Five years ago, I had a lot of free time and wanted to learn as much as I could, so I decided to create a system that would help me digest this mountain of highlighted information. On 2/14/19:
I went through all the books that Blas had reviewed up until that point
Downloaded PDFs of each of their highlights separately
Merged 125 PDFs together into a single, mega-highlight PDF
It can be found here: Link
- Can be found here: Link
- It's from 5/31/19
- I’m sure there is some Blas-induced bias in the original highlights, just like I'm sure that there’s Cory-bias in my Hi^2
- The hashtags here is me trying to organize the highlights of highlights better into topics
I would normally stop there since that's more enough to organize and ultimately understand; yet in this case, I still had over 100 pages of information!
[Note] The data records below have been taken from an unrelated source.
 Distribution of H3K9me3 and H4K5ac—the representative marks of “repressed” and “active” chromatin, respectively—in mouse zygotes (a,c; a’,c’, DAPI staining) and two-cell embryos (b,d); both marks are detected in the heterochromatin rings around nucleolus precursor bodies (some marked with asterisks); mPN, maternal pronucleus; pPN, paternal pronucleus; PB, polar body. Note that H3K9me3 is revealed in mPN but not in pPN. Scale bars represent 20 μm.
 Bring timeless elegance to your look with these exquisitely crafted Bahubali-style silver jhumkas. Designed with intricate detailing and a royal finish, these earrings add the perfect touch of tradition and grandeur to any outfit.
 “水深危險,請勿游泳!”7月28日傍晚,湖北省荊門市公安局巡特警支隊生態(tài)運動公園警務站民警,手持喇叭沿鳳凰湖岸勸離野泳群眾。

So I decided to dive a little deeper:
Made a Hi^3 version (highlights of highlights of highlights) which groups them by book then by tagged topic
Can be found here: Link
It's from 6/4/19 and is 81 pages long
The tags here are more specific and tried to be more accurate within each book for each Hi^3 (but still has some errors obviously)
Made a Hi^4 version (you get the picture) which groups the highlights by tagged topic across books
Can be found here: Link
It's from 6/5/19 and is 79 pages long
The network graph at the top is what I used to decide the story, as these meta topics ended up being the “most important” (central) when graphed, as evidenced by their bubble size and text size
For the graph, the nodes are topics and the connections are highlights of the same topic within the same book (Node A (highlight topic A) and Node B (highlight topic B) are connected by connection C (are in the same book C) - not a perfect reason but a way to connect topics (nodes) across books (connections)
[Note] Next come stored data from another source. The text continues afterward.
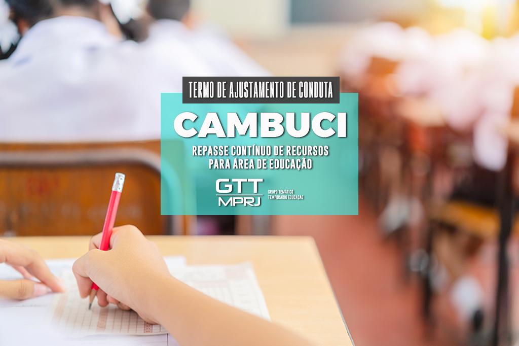 O Ministério Público do Estado do Rio de Janeiro (MPRJ), por meio do Grupo Temático Temporário de Educação (GTT Educação/MPRJ), celebrou Termo de Ajustamento de Conduta (TAC) com o Município de Cambuci para que sejam estabelecidas as medidas necessárias para a realização e regularização dos repasses mensais de recursos para a área da Educação. Esses repasses devem ser feitos para contas específicas, a serem geridas com exclusividade pelo secretário Municipal de Educação.
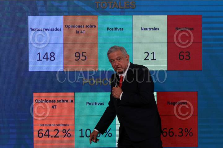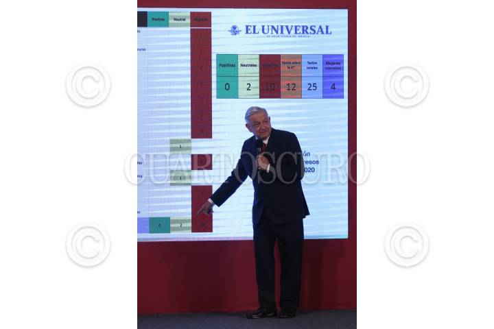 Andrés Manuel López Obrador durante la conferencia matutina donde expuso un análisis de las opiniones publciadas en medios de comunicación, donde afirma que es el gobierno con mayor crítca dentro de estos espacios. FOTO: GALO CAÑAS/CUARTOSCURO.COM
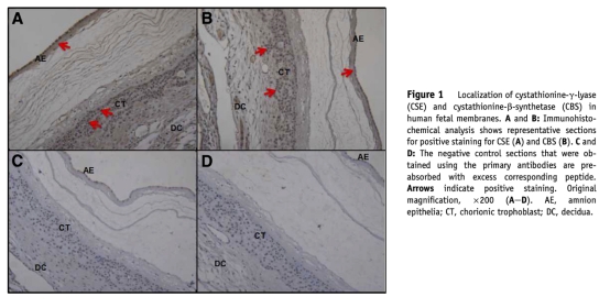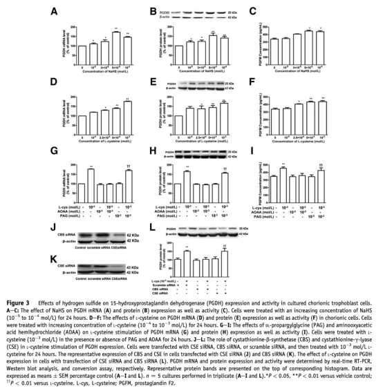 氫硫化物生成酶表達(dá)下調(diào)在足月和早產(chǎn)分娩中下調(diào)絨毛膜15-羥基前列腺素脫氫酶的表達(dá)
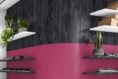 Если в рисунке более простой репродукции «Дуб Галифакс» присутствуют трещины черного или темного оттенка, то у представленного здесь образца — глазурованного варианта – мы видим светлые трещины и поры. Таким образом, создан, можно сказать, полностью новый декор. А с наличием в нем черного оттенка данный декор приобретает вид сгоревшей древесины. За счет своего черно-белого характера этот декор, например при применении его на рабочих поверхностях мебели, будет хорошо сочетаться с фасадами, выполненными как в черных, так и очень светлых серых оттенках.
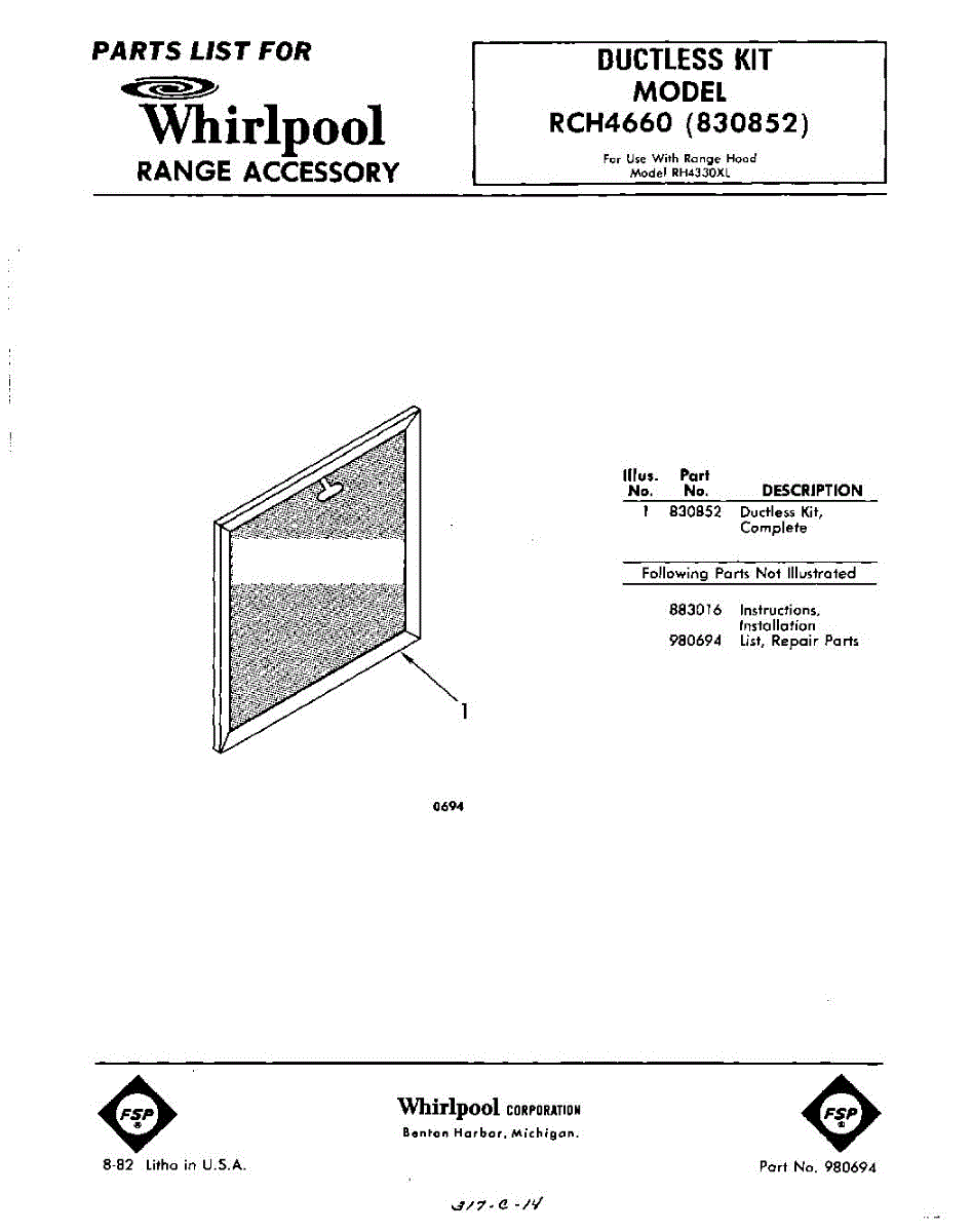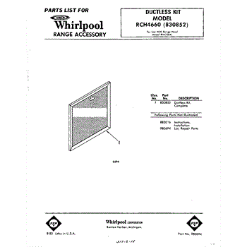 Parts for Whirlpool RCH4660: 01 - Section Parts
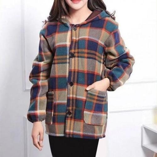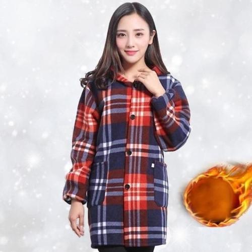 체크 후드 코트 여성 겨울 플리스 가을 롱코트 WFLRZKA
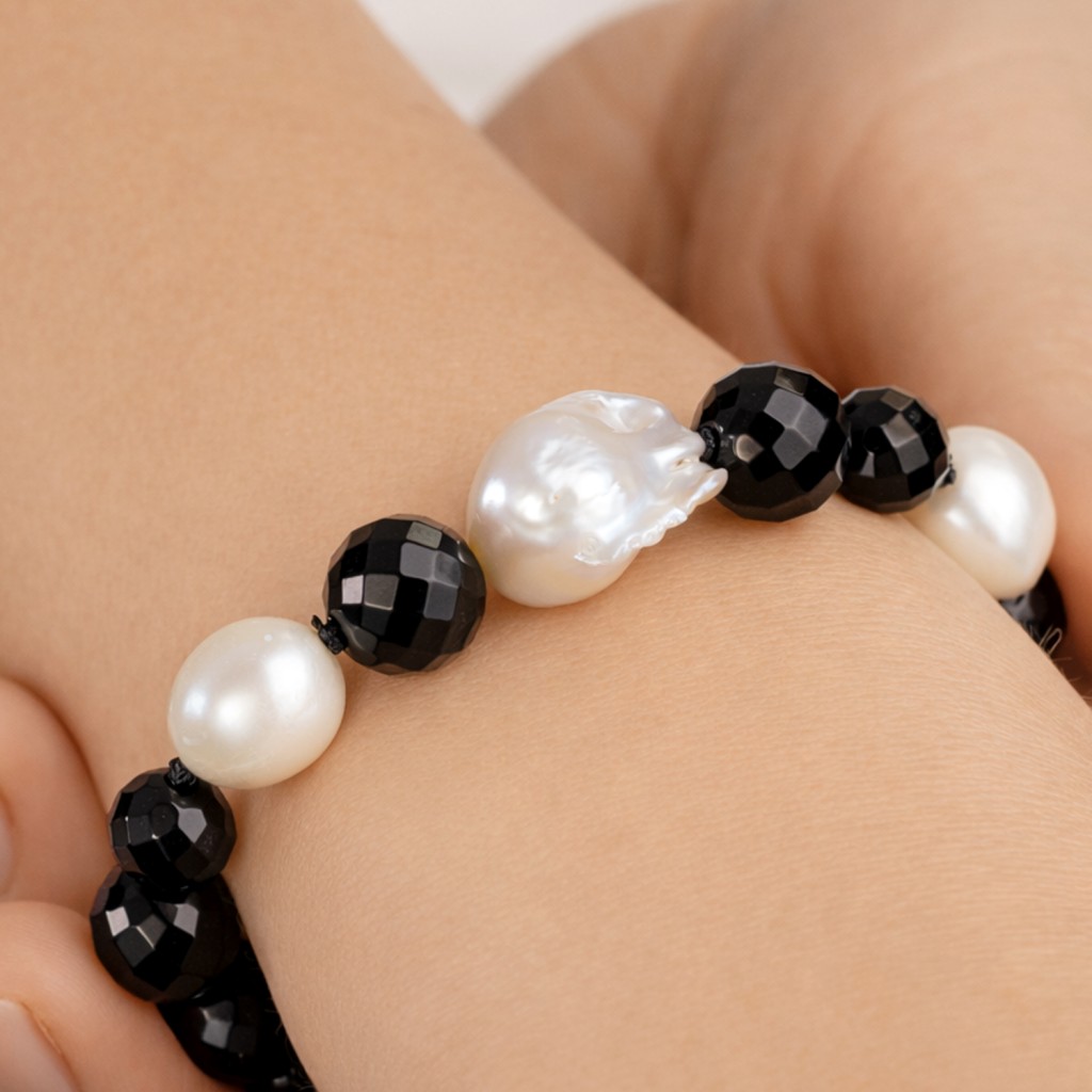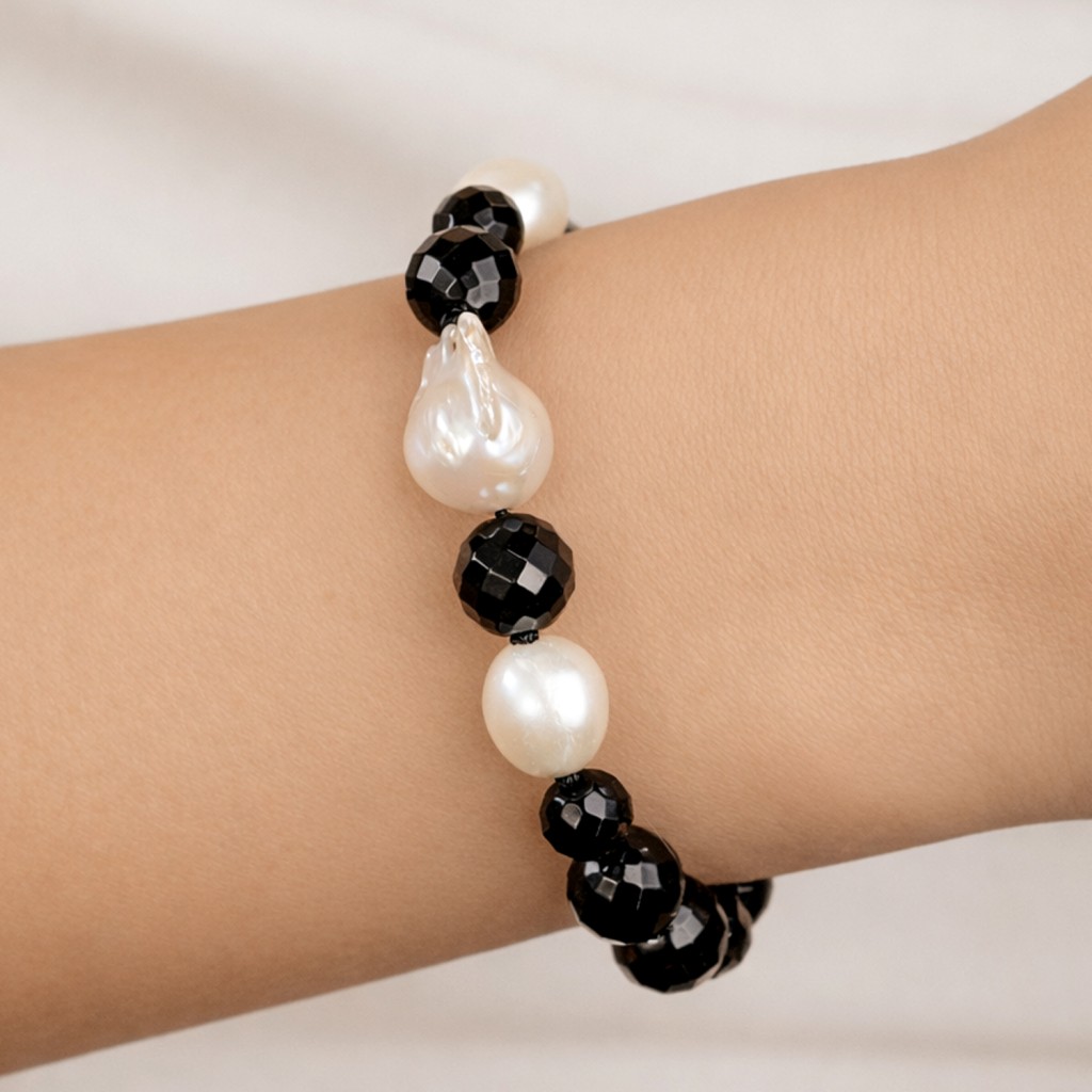 Браслет из оникса с жемчугом Касуми и серебром

You can kind of see the shape of the story in the How 3 (EQ, character, and leadership) - What 2 (learning and lifehacks) - How 1 (simplicity) - Why 1 (love)
Influenced by Simon Sinek’s “Why-How-What” framework, I made a variation that starts and ends with why – why 5, how 3, what 2, how 1, why 1
1, 1, 2, 3, 5... Fibonacci-hive assemble!
Finally I made a Hi^5 version but IMO it was a step too far and I should’ve just stopped at the highlights grouped by tagged topic (the Hi^3 version)
Not sharing it, as there was nothing really new
It's from 12/2/20 and is 85 pages long
Gets too lost in the thick of things
…and that's mostly where the research stopped.
In the end, I didn’t do much with all that glorious highlighted information. Yeah I revisited the Hi^4 version a couple of times and shared it with Blas (he thought it was cool), but I didn't do much else with it. I do love the network graph of the topics and have looked at it a bunch of random times – I find it beautiful.
Recently, I asked Blas if he minded if I shared the project with others, provided he is fine with it. At the very least, I feel like I learned a ton from the research project and hope others can as well.
Have fun getting lost in The Rabbit Hole.